Writing without inspiration

is like singing without a voice.

Before him, there was Writer's Block,

A stone I would chisel away,

never to find escape.

He became my inspiration,

my muse, my angel, my voice.

I labored from dawn until dusk,

composing lyrics about the enigma

whom I had never met.

This song became my passion,

my only pride and joy,

my soul branded upon parchment,

word after word,

no rest until completion.

Evening in the park, it must have been chance

or fate, it would seem,

to have the North Wind steal

my taboo emotion, my heartfelt composition,

and deliver it to the foot of my muse.

He snatched the paper from the ground

and read, azure eyes devoured my manuscript,

tearing my self-confidence to shreds

with four emotionless words,

"You have no talent".

He knew he was my driving force,

and still he ripped out my heart,

letting my emotions pour forth,

raw and unfettered

like blood from a mortal wound.

My muse was a writer himself,

yet how could he be so brutal?

Was it because of my undying love

for this male, the same gender as myself?

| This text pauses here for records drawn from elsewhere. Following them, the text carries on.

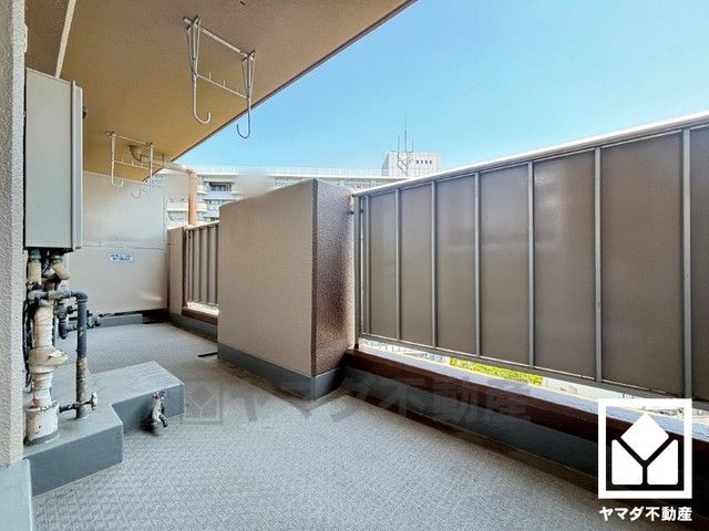 南東側バルコニーで陽当たり、風通し良好。16階部分で前面に視界を遮る高い建物がなく、開放的な景色が広がります。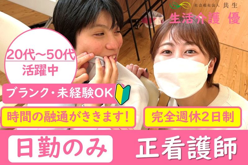 【応募資格】 ●正看護師 ●皆さん大歓迎です ・現場経験からブランクがある方 ・介護施設や障害福祉施設での経験がない方 ●普通自動車運転免許(AT限定可) 【メリット】 #ブランクOK #40代も応募可 #50代も応募可 #車通勤OK #交通費支給 #残業なし #経験者歓迎 #社会保険完備 #昇給あり #賞与あり #主婦・主夫歓迎 #新卒歓迎 #第二新卒歓迎 #未経験者歓迎 #有資格者歓迎 #学歴不問 #資格取得支援あり #育休制度あり #育児サポートあり #60代も応募可 #バイク通勤OK #転勤なし #制服貸与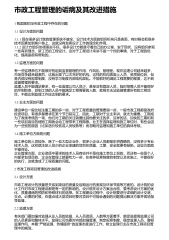 市政道路桥梁工程项目施工管理影响因素与对策 1 前言随着我国经济社会的发展,城市化进程也不断加快,市政道路桥梁工程不仅有效的缓解了城市的交通压力,也为城市各项事业的发展带来了便利。但是现代市政道路桥梁的施工规模越来越大,在施工过程中也为民众带来了众多不便,其施工中涉及的管理因素也众多,一旦发生问题,将威胁到人们的生命安全。因此,加强市政道路桥梁施工过程的管理工作,提升施工管理水平,成为防患于未然的重要途径。 2 市政道路桥梁工程项目管理概述市政道路桥梁项目施工过程的管理是指,在城市建设过程中,对诸如城市给排水工程、城市道路、桥梁工程等不可缺少的施工工程进行的管理工作,是一种协调施工组织设计与...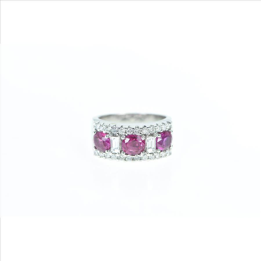 Item:  18K 1.93 Ctw Pink Sapphire Diamond Band White Gold Ring, Size 6.5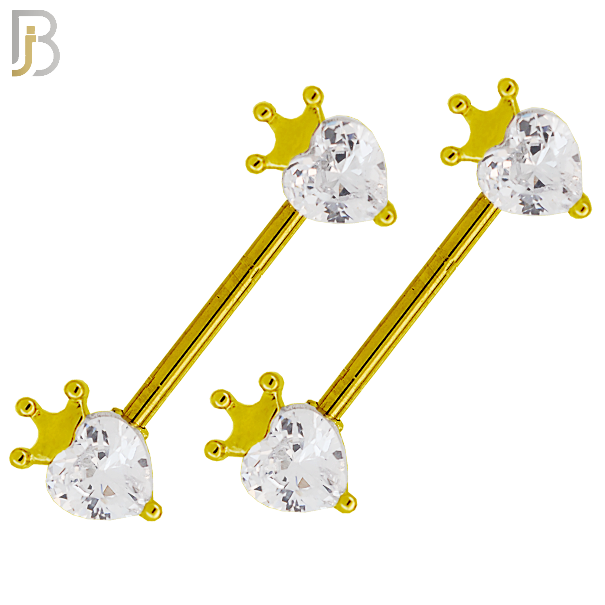 316L Surgical Steel Heart Shaped CZ with Crown Design Externally Threaded Nipple Ring Piercing Pair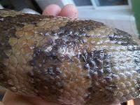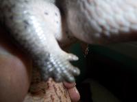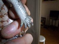 sintomas: posible quemadura en las escamas del lomo, ojos irritados (cuando lo cierra la membrana que protege el ojo se ve roja) los dedos los tiene como deformados o mutilados no lo sabria decir con exactitud. Tambien tiene toda la columna muy deformada.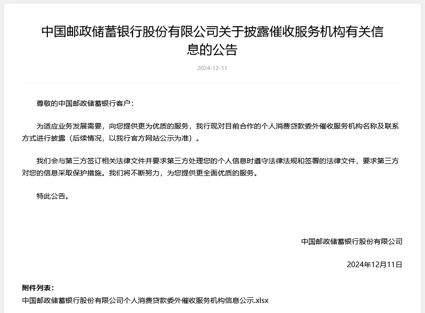 今日,邮储银行在官网发布了关于披露催收服务机构有关信息的公告。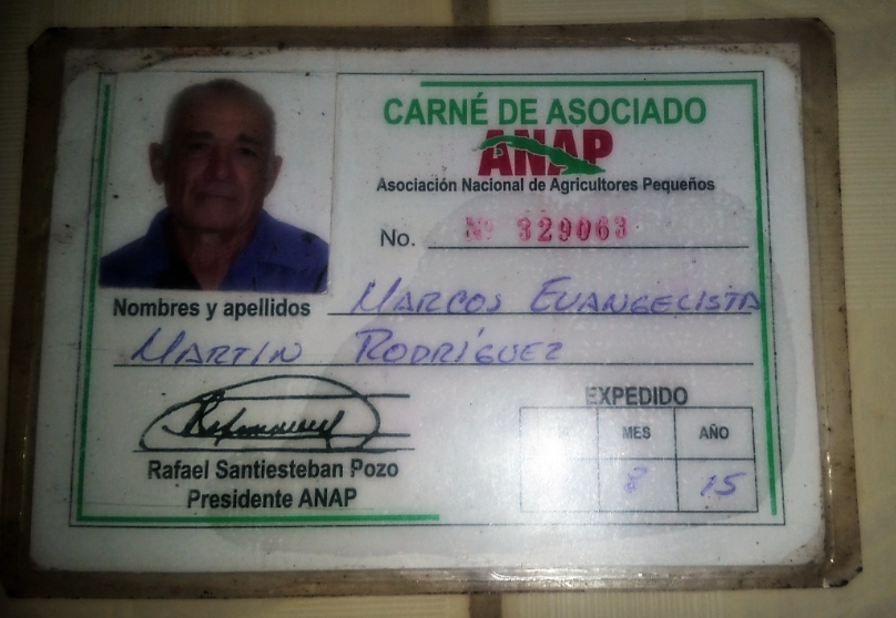 Desde el año 80 trabajo la tierra en la finca La Teresita situada en la carretera Camajuaní, luego en el 2009 se me entregó 1.68 cordeles por la 259, donde me asocie a la CCS El Vaquerito (cooperativa de crédito y servicio). Durante casi 20 años he venido entregando al gobierno un aproximado de 5 quintales de lo que cosechaba.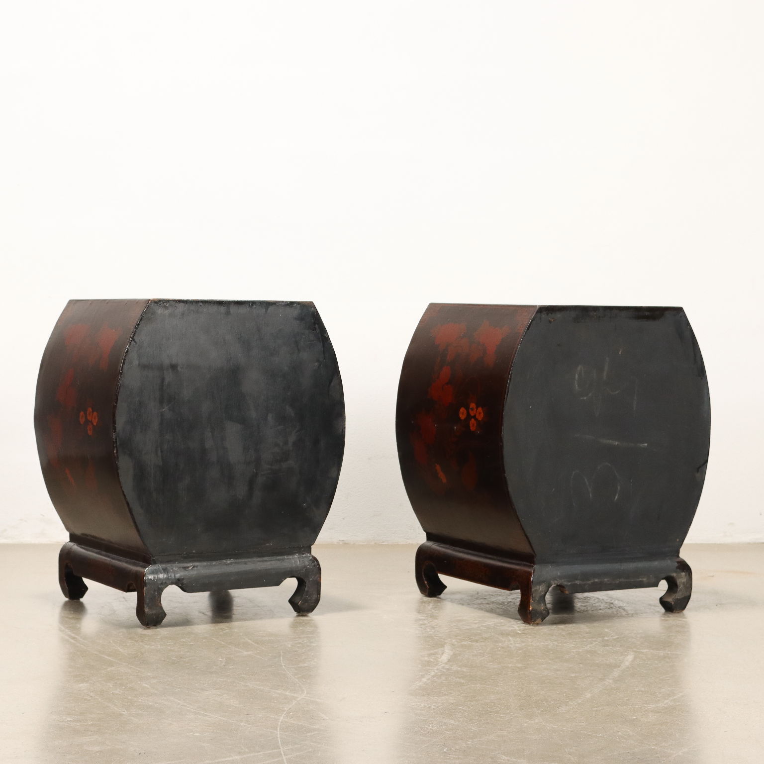 Coppia di comodini a Chinoiserie riccamente dipinti e laccati su tutta la superficie, interni ebanizzati. Cina, XX Secolo.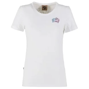 Nowoczesna damska koszulka bawełniana Light Ball Women's marki E9 z krótkim rękawem, z koronkowym materiałem na rękawach i dużym logo E9 na plecach. Damska koszulka z krótkim rękawem Light Ball Women's firmy E9 jest wykonana z 92% bawełny organicznej i 8% elastanu. Koszulka ma rękawy z koronki, które służą nie tylko do wentylacji, ale także jako element modny. Na plecach ma stylowy nadruk dużego logo E9. Wyprodukowano ją we Włoszech z minimalnym zanieczyszczeniem środowiska, z naciskiem na ekstrawaganckie wykonanie, unikalny design i komfort podczas wspinaczki.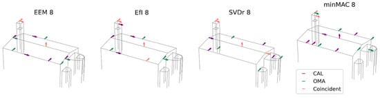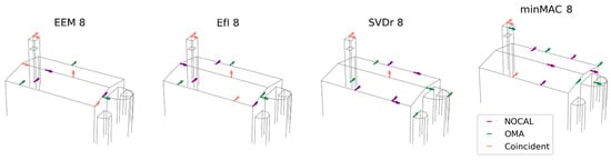 51], which in this case is six. Nevertheless, taking into account the geometric complexity of the structure and the variability of modal shapes involved, the number was increased to eight. This selection is considered sufficiently detailed to allow for meaningful observations across different configurations, while remaining manageable in terms of computational and interpretative effort. This number offers enough flexibility to explore the influence of sensor location on the quality of the results and supports a more robust evaluation of the proposed metrics and methodology.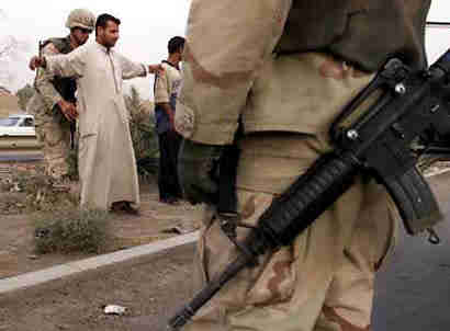 US Army soldiers search Iraqis for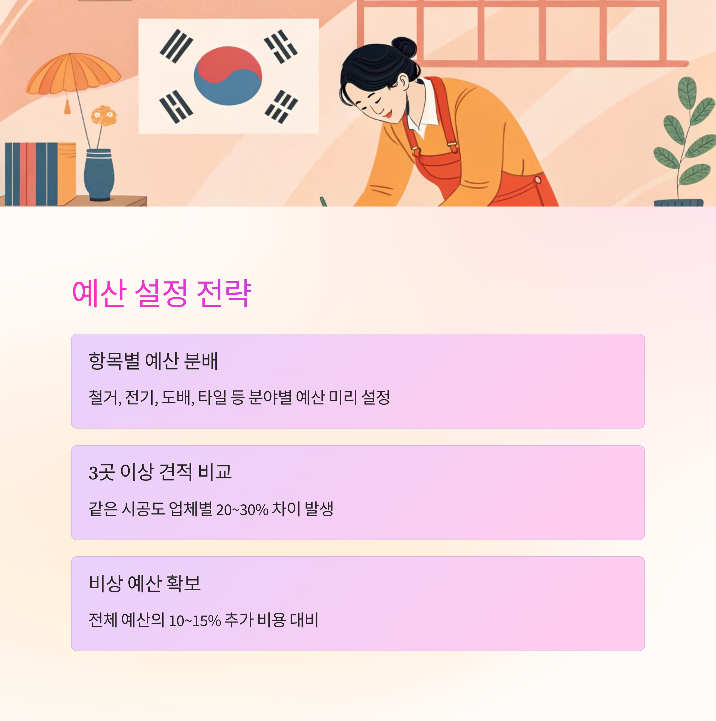 가장 흔한 실수가 추가 비용을 고려하지 않은 채 예산을 짜는 거예요. 공사 도중에는 예상치 못한 문제가 발생할 수 있고, 그때마다 추가 비용이 붙어요. 전체 예산의 10~15% 정도는 ‘비상 예산’으로 따로 떼어두는 게 좋아요.
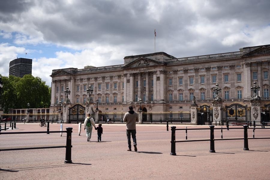 A handful of tourists outside Buckingham Palace in London in the early months of the pandemic, May 13, 2020. The passing of Prince Philip has given new urgency to a transition already underway in the House of Windsor, with Queen Elizabeth II"s reign in its twilight and Prince Charles moving to streamline the royal family. (Mary Turner/The New York Times).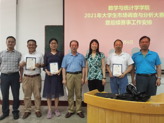 2021年6月17日下午16:00,在祃海霞书记的主持下,公司在二教106举办了关于老员工市场调查与分析大赛的表彰会。李春林、马银戌、鲁勇兵、徐金红等几位教师从公司第一次组织参赛、公司第一次承办省赛,就全身心投入,付出了很多心血,取得了历届的优异成绩,经公司党委研究,决定为4位老师授予“数学与统计学公司市场调查与分析大赛突出贡献奖”,以示鼓励。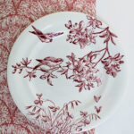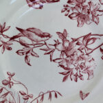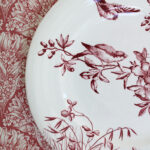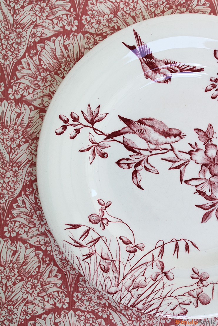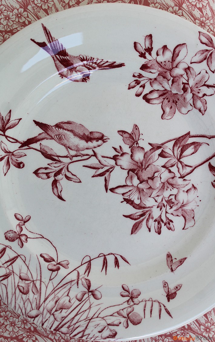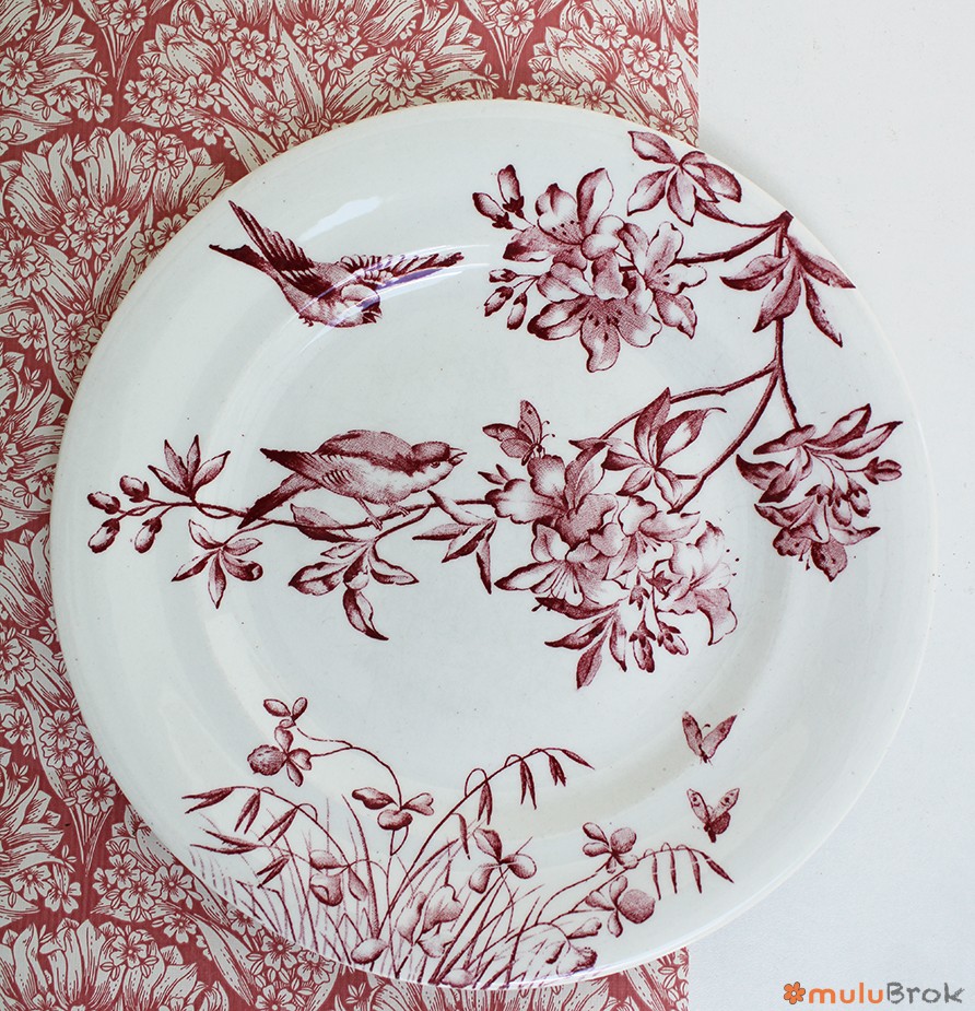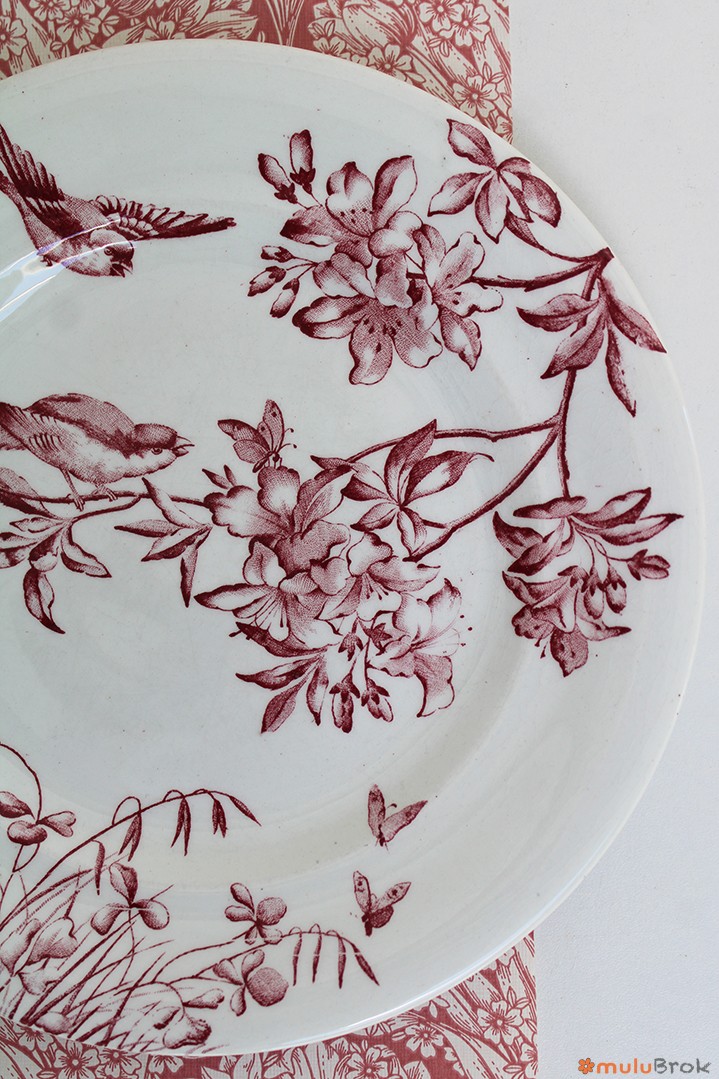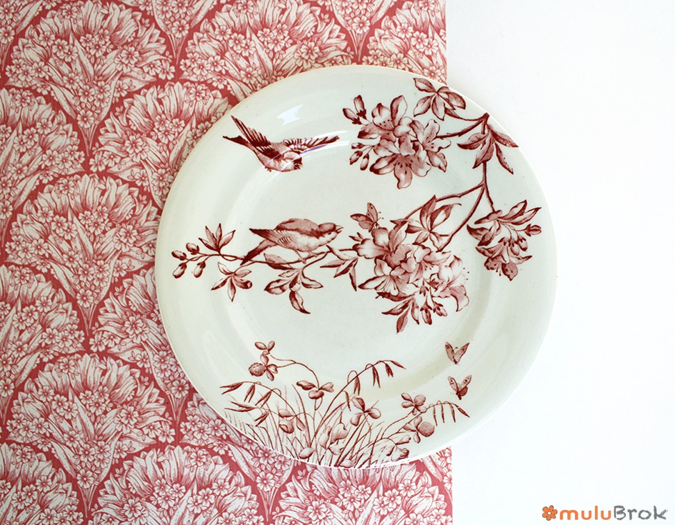 Joli motif composé d’oiseaux, de fleurs et feuilles, coloris rose.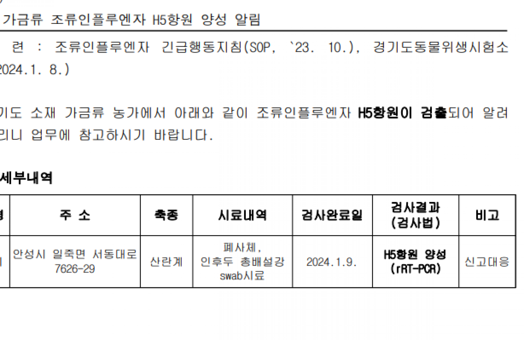 (경기 안성) 가금농장(산란계) 고병원성 AI 의사환축 발생에 따른 방역강화 조 |

Why must I be tormented so?

I saw him then, he comprehended

the anguish bleeding from my eyes.

He came to me then, embracing my face

with cold hands, pulling me closer,

muttering the truth, "Maybe I lied".

Our lips met then, consuming one another.

He tasted of cigarettes and alcohol,

a writer's danse macabre,

one moment of breathless, eclipsing bliss

before being abandoned once again.

My love drives the pen across the page.

Never am I lacking in my inspiration.

He incites me to continue my quest,

to strive for his approval in song...

Song consumed by longing for my muse.